Lite commentary
Peter and John healed a man lame from birth in the name of Jesus Christ the Nazarene. This public, undeniable miracle showed that the risen Jesus was still at work through His apostles and prepared the way for Peter to preach Christ to the crowd.
Luke records the first detailed public miracle after Pentecost. Peter and John were going up to the temple at the afternoon hour of prayer, which shows that at this stage the earliest believers still moved within Israel’s worship patterns. Faith in Jesus did not yet mean abandoning the temple setting, even though Jesus had become the interpretive center of God’s saving work.
At the gate called the Beautiful Gate, they encountered a man who had been lame from birth.
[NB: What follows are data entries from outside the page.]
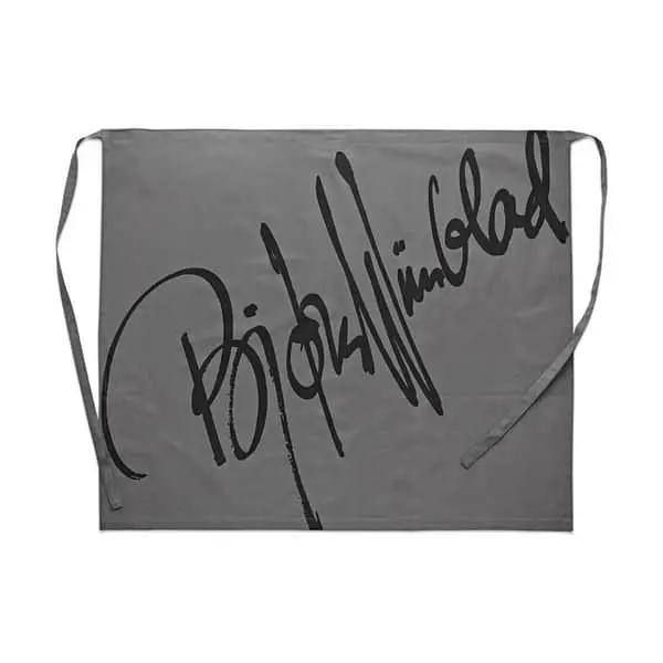 Gør det til en kunst at beskytte tøjet mod stænk og sprøjt fra madlavningen med et elegant kokkeforklæde. Forklædet i 100 % bomuld bærer Bjørn Wiinblads signatur på en enkel grå baggrund.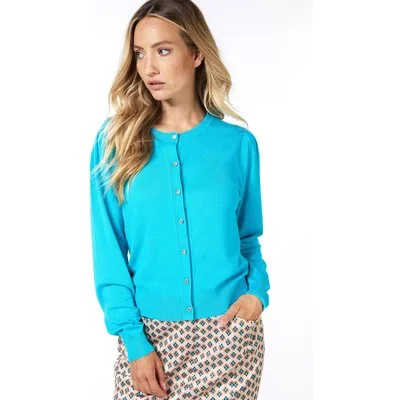 EsQualo Cardigan Puff Slve Basic Knit Peacock Blue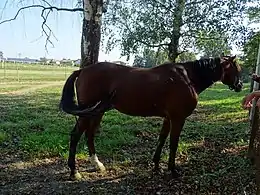 Crossbreeding the Ljutomer Trotter with foreign trotters, such as the French, Orlov, Norfolk and American, resulted in better speed performance.[4] In year 1884 the first Norfolk Trotter Radautz, and Orlov Trotter Krolik were imported into the breeding area. Eventually crossbreeding with American Thoroughbred prevailed, but there were also some recorded attempts of pairing with other trotters, such as Orlov Trotter Hipoli and a few French Trotters. The former stud farm of trotters in Turnišče near Ptuj (active 1947–1965) greatly influenced development of the Ljutomer Trotter by importing breeding stallions into Ljutomer. The Turnišče stud farm arose from the abandoned trotter stud farm Djoko Djunderski in Kulpin, Vojvodina, and after closing in 1965 the farm was moved back to Serbia, at first to Pančevo and then to Ada.[3]
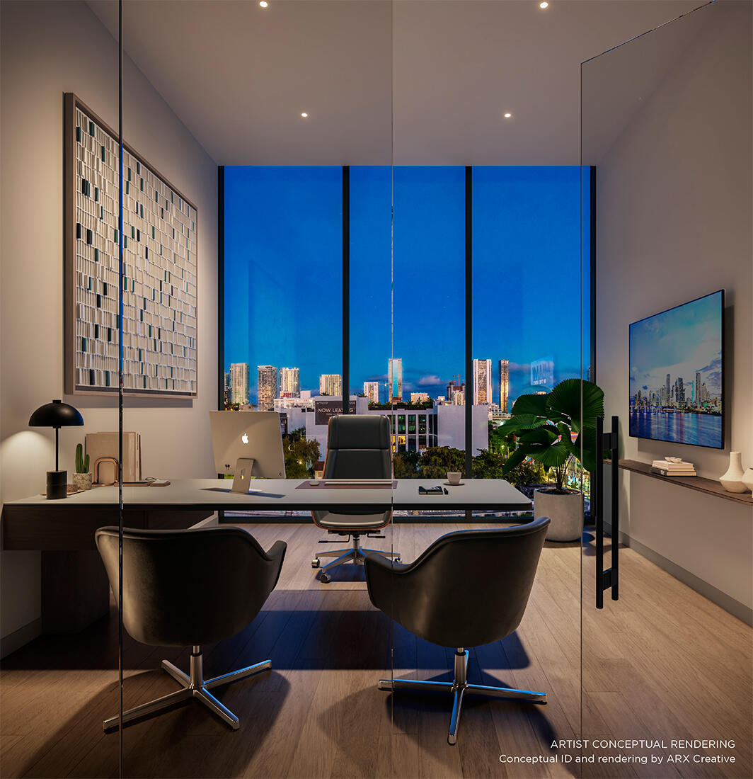 Como una oferta pionera, Twenty Sixth & 2nd Wynwood Residences ofrecerá a los propietarios la posibilidad de alojar su casa y oficina en Airbnb.Los espacios de trabajo en Twenty Sixth & 2nd redefinen la armonía de un estilo de vida con una comodidad inigualable. Equipadas con elegantes espacios para reuniones y una zona de relajación, las suites en Twenty Sixth & 2nd ofrecen el espacio perfecto para prosperar, a la vez que fomentan la innovación y la visión. Las suites cuentan con una distribución con paneles de vidrio, entrada segura, asientos con escritorio, cableado para TV, cocina americana y zonas de ocio.

He was carried there every day to beg from those entering the temple courts. That detail matters because his condition was long-standing, public, and well known. He had never walked, and the people would have recognized him.
When the man asked Peter and John for money, Peter fixed his attention on him, and John did the same. Peter then said, “Look at us.” In this way, he focused the man’s attention and prepared him for something very different from what he expected. The man hoped for alms, but Peter redirected that expectation from money to healing.
Peter said, “I have no silver or gold, but what I do have I give you. In the name of Jesus Christ the Nazarene, stand up and walk.” Peter was not acting by his own power. The miracle was done in Jesus’ name—that is, by Jesus’ authority and power. The full title identifies the historical Jesus whom God had vindicated. This healing is tied to the crucified and risen Jesus, not to some vague divine force.
Peter then took the man by the right hand and raised him up. Immediately his feet and ankles were made strong. Luke’s wording emphasizes that this was a real and complete physical healing. It was not partial, gradual, or imagined. The man jumped up, stood, and began to walk. Then he entered the temple courts with Peter and John, walking and leaping and praising God.
His leaping may echo Isaiah’s picture of the lame leaping in the time of God’s promised restoration. That connection is an inference, not an explicit quotation, so it should remain secondary. Even so, the text plainly shows that God’s restoring power was now being displayed through the name of Jesus. The man’s response also matters: he praised God. The miracle did not terminate on Peter and John, but on God acting through Jesus.
All the people saw him walking and praising God. They recognized him as the same man who had regularly sat at the Beautiful Gate asking for money. Because he was publicly known, the miracle was publicly verifiable. The people were filled with astonishment and amazement at what had happened.
This reaction sets up the next paragraph, where Peter explains the meaning of the sign. That is the main function of this healing in the flow of Acts. It is not presented merely as an act of compassion, though it certainly includes mercy. Nor is it mainly a symbol of inclusion, though some may see that as a secondary idea. Its chief role is to authenticate the apostolic witness and open the way for Peter’s proclamation about Jesus.
So this passage teaches that the risen Jesus continues to act in history through His authorized witnesses. His bodily absence from earth does not mean inactivity. It also shows that miracles in Acts are not ends in themselves. They are signs that point beyond themselves to Jesus’ identity, authority, and saving claim. The beggar asked for money, but received something far greater: restoration that led to praise and opened the way for the gospel to be preached.
For readers today, this passage should not be treated as an isolated story, a timeless ministry technique, or a merely private devotional lesson. It must be read in its place within Acts, where signs, preaching, and growing opposition work together in the advance of the gospel. Christian witness should direct attention away from human resources and toward the authority of Jesus. Deeds of mercy and spoken testimony belong together. Even so, the sign itself still required interpretation, and Luke shows that faithful proclamation must explain what the miracle means.
Key truths
- The healing was done in the name of Jesus Christ the Nazarene, not by Peter’s own power.
- The man’s healing was immediate, complete, public, and undeniable.
- The healed man responded by praising God.
- The sign prepared the crowd for Peter’s sermon and authenticated apostolic witness.
- Acts presents miracles as signs that point to Jesus and require interpretation.
Warnings
- Do not treat this passage as an isolated proof text or a timeless ministry formula.
- Do not reduce the event to spectacle, charity alone, or a moral lesson.
- Possible Old Testament echoes, such as Isaiah 35:6, should remain secondary unless the text makes them explicit.
- Do not flatten the passage into merely individual application without attending to its role in Acts’ larger witness narrative.
Application
- Direct people’s attention to Jesus rather than to human ability, personality, or resources.
- Hold together mercy ministry and verbal gospel witness instead of separating them.
- Read miracle narratives in Acts within the book’s larger redemptive-historical movement and apostolic testimony.
- Let the passage’s public and corporate function in Acts help govern personal application.